● Problem to solve
Retype the material that follows exactly, limited to the lines from the one with "6.、删除掉主分区之后,再次" through the one with "2025-2학기 기말고사 기간 중 e-루리 민원 지원 시간 연장 안내", and keep out all pictures.

----- Provided material -----

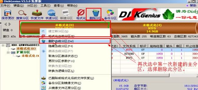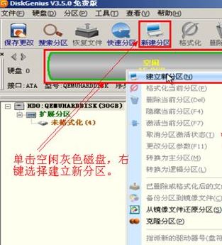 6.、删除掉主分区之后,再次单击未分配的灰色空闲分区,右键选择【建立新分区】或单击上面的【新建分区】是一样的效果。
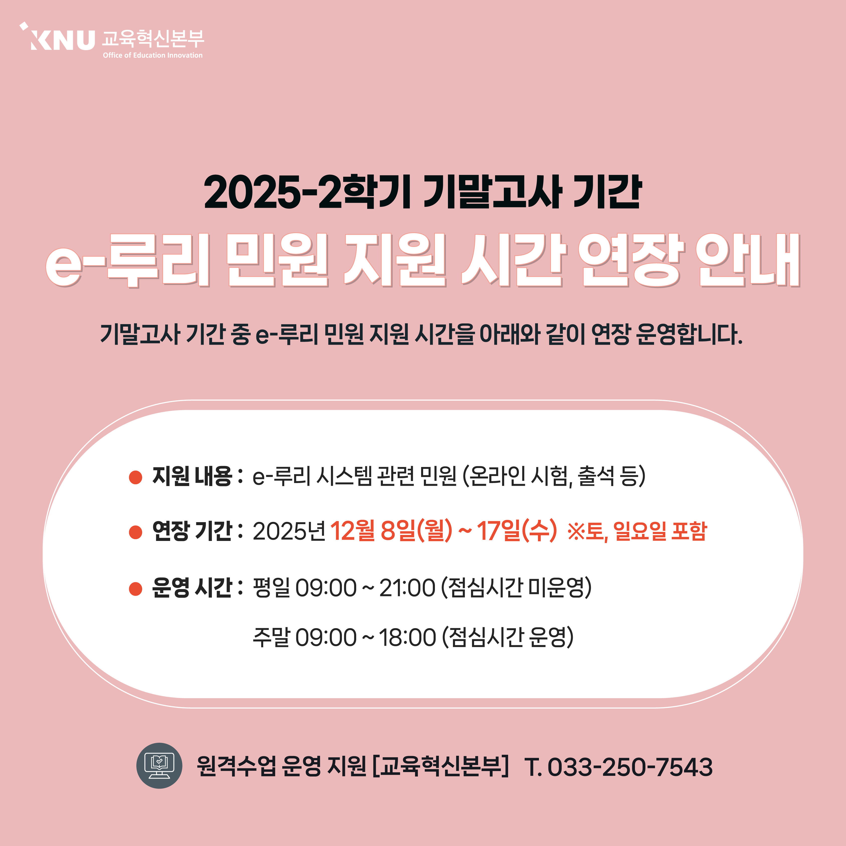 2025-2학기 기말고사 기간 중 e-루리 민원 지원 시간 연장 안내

-----
----- Provided material -----

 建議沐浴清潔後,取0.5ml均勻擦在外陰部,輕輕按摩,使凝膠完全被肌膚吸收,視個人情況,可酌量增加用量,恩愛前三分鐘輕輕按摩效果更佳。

-----

● Result for this exercise
 6.、删除掉主分区之后,再次单击未分配的灰色空闲分区,右键选择【建立新分区】或单击上面的【新建分区】是一样的效果。
 2025-2학기 기말고사 기간 중 e-루리 민원 지원 시간 연장 안내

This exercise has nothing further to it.